Немного погодя мы переметнулись на трагедию; дело в том, что мы не раз слышали от других да и сами считали, что проще написать и сыграть трагедию, нежели блеснуть в комедии. При первой же попытке мы почувствовали себя в своей стихии; нам казалось — чем больше ходульности и высокопарности, тем ближе к идеалу трагика и к совершенству образов; о себе мы воображали невесть что, не помнили себя от восторга, когда могли бушевать, топотать ногами, а то и падать наземь в избытке бешенства и отчаяния.

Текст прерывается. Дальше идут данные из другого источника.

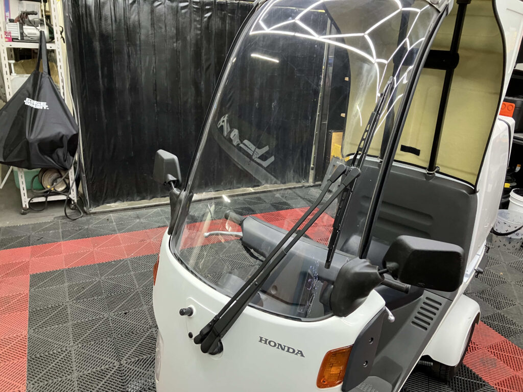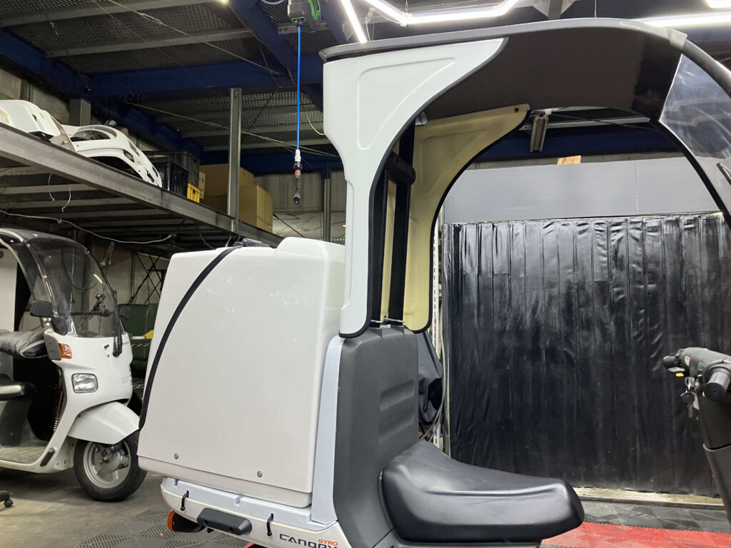 作業中はジャイロキャノピー(ミニカー・原付)代車の貸出も可能です(※当店購入車両・要予約)。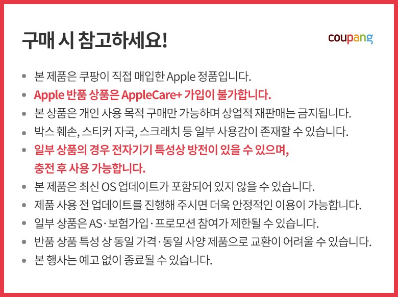 | 출시년월 | 알 수 없음(업체미제공) | 제조자(수입자) | 애플 / 애플코리아유한회사 |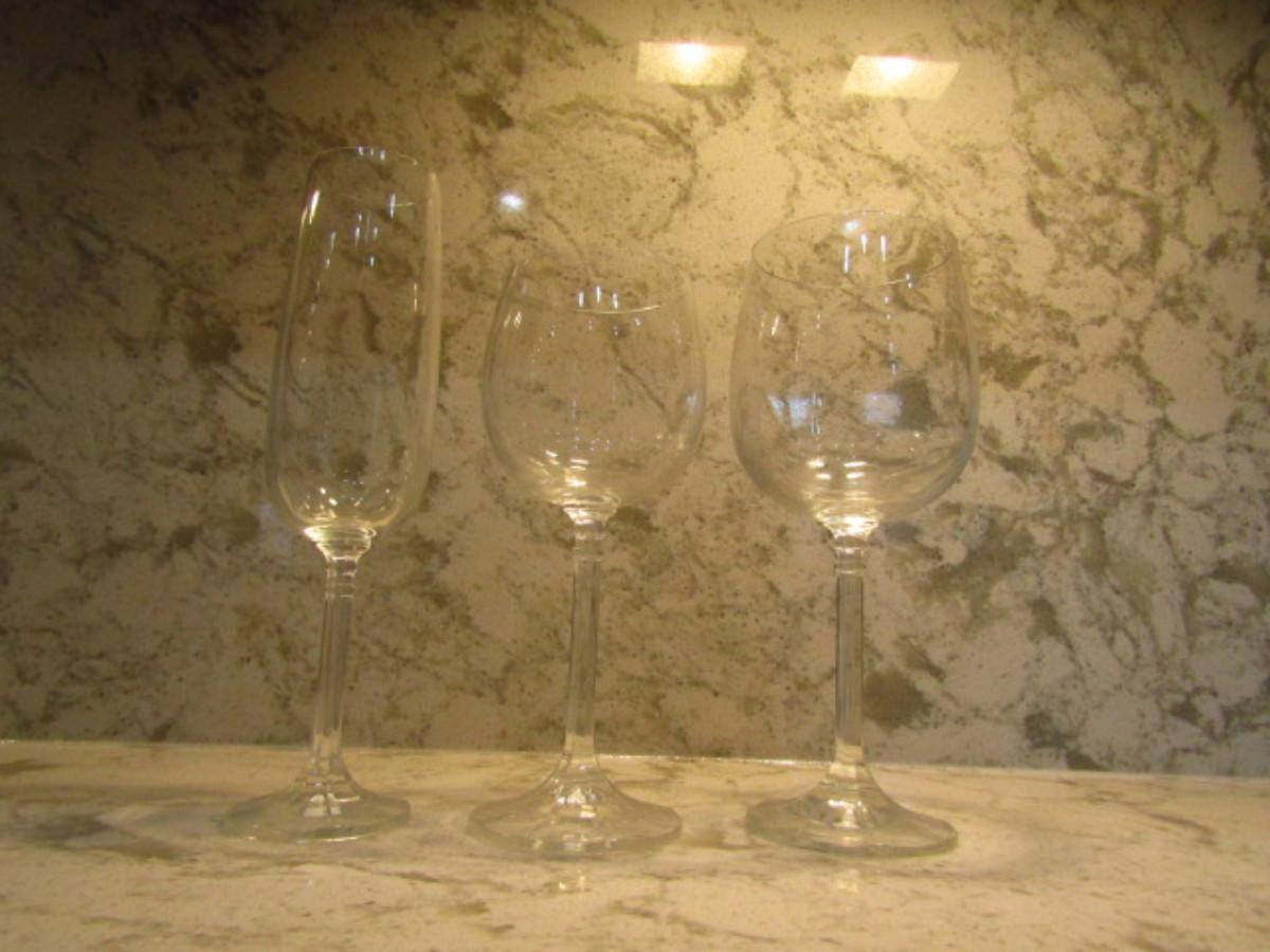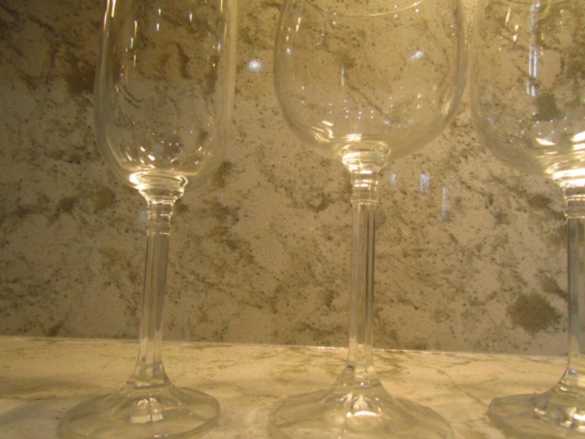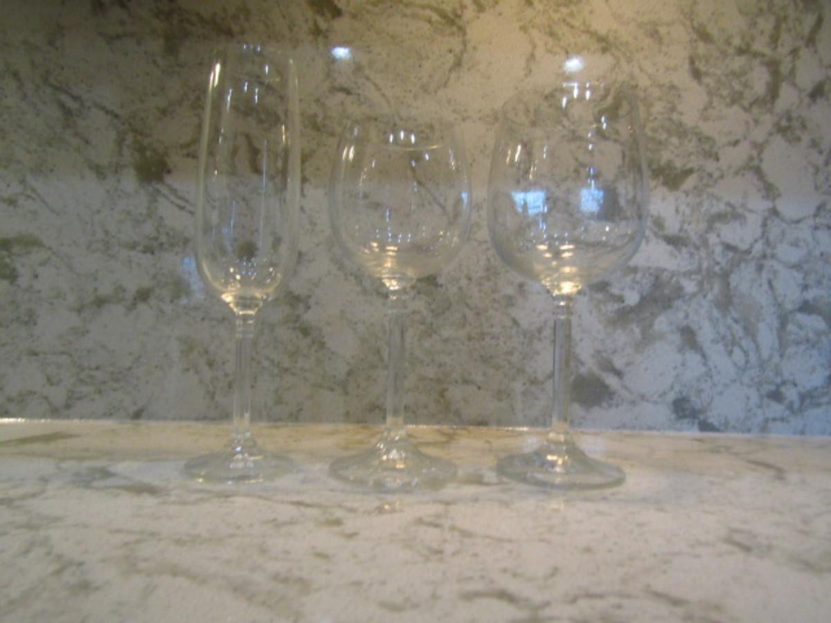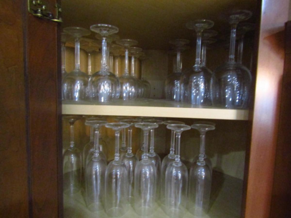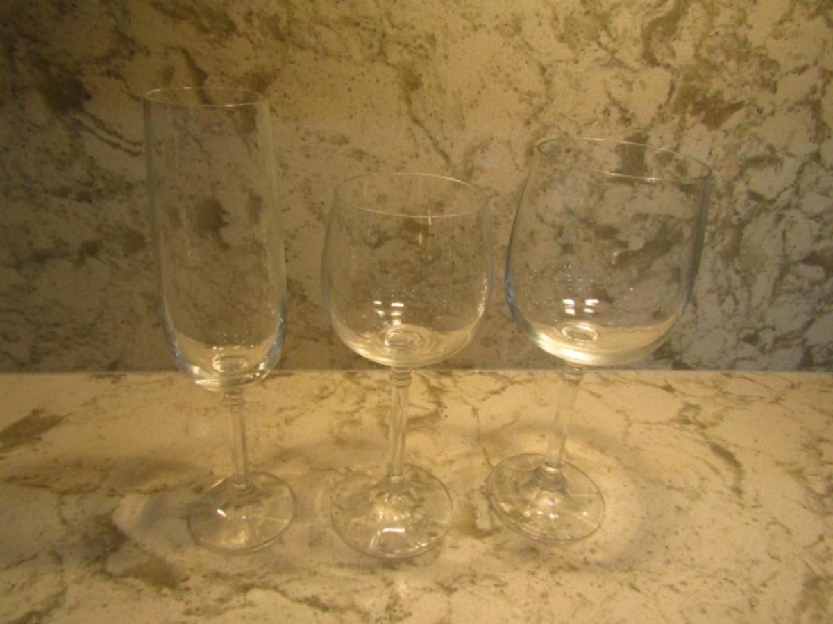 Assorted Clear Crystal Wine Glasses (Kitchen). No maker's mark found. Champagne glasses- 16 pcs. White wine glasses- 17 pcs. Red wine glasses- 15 pcs.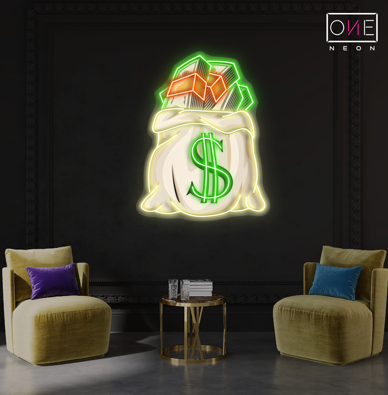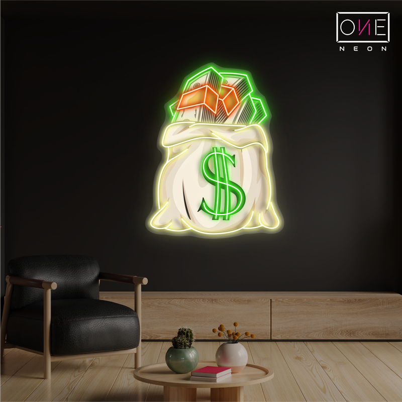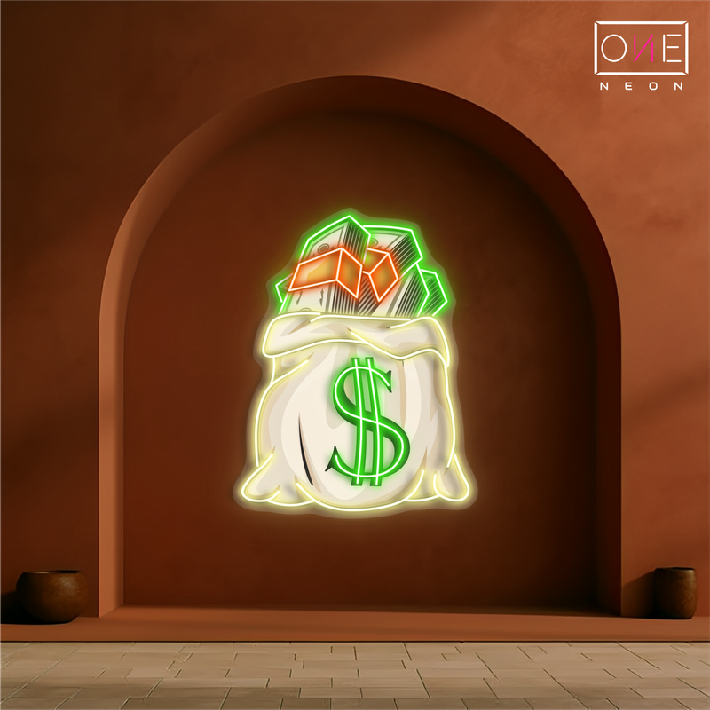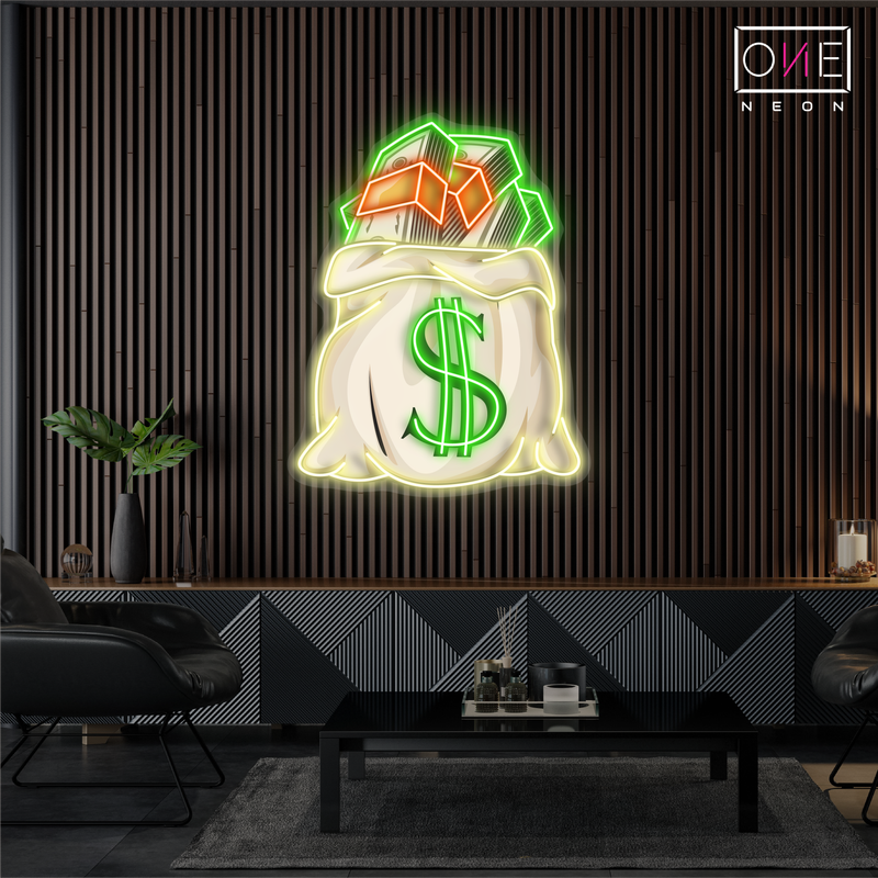 💰 Brighten up your space with our Money Bag Artwork LED Neon Sign – the perfect statement piece for entrepreneurs, dreamers, and anyone chasing success! This eye-catching neon sign, shaped like a money bag, adds a motivational vibe to offices, game rooms, and more. 💡 Made with premium LED technology, it's energy-efficient, long-lasting, and easy to install. 💸 Elevate your decor and bring in the glow of prosperity with this unique design!

Не успели мальчики и девочки некоторое время вместе поиграть на театре, как природа дала себя знать, и компания распалась на любовные дуэты, так что теперь по большей части разыгрывалась комедия в комедии. Счастливые парочки за кулисами нежно пожимали друг другу руки и млели от счастья, в этих нарядах и бантах представляясь друг другу идеалом красоты, между тем как несчастливые воздыхатели издалека терзались ревностью, упорно и злорадно устраивая им всякие каверзы.
Хотя предприняли мы наши театральные попытки без разумения и осуществили их без руководства, однако они оказались для нас не без пользы. Упражняя свою память и свое тело, мы приобрели больше сноровки в речах и манерах, чем положено в столь ранние годы. Для меня лично это составило целую эпоху, я обратился всеми помыслами к театру и не желал себе иного счастья, нежели читать, писать, а также играть пьесы.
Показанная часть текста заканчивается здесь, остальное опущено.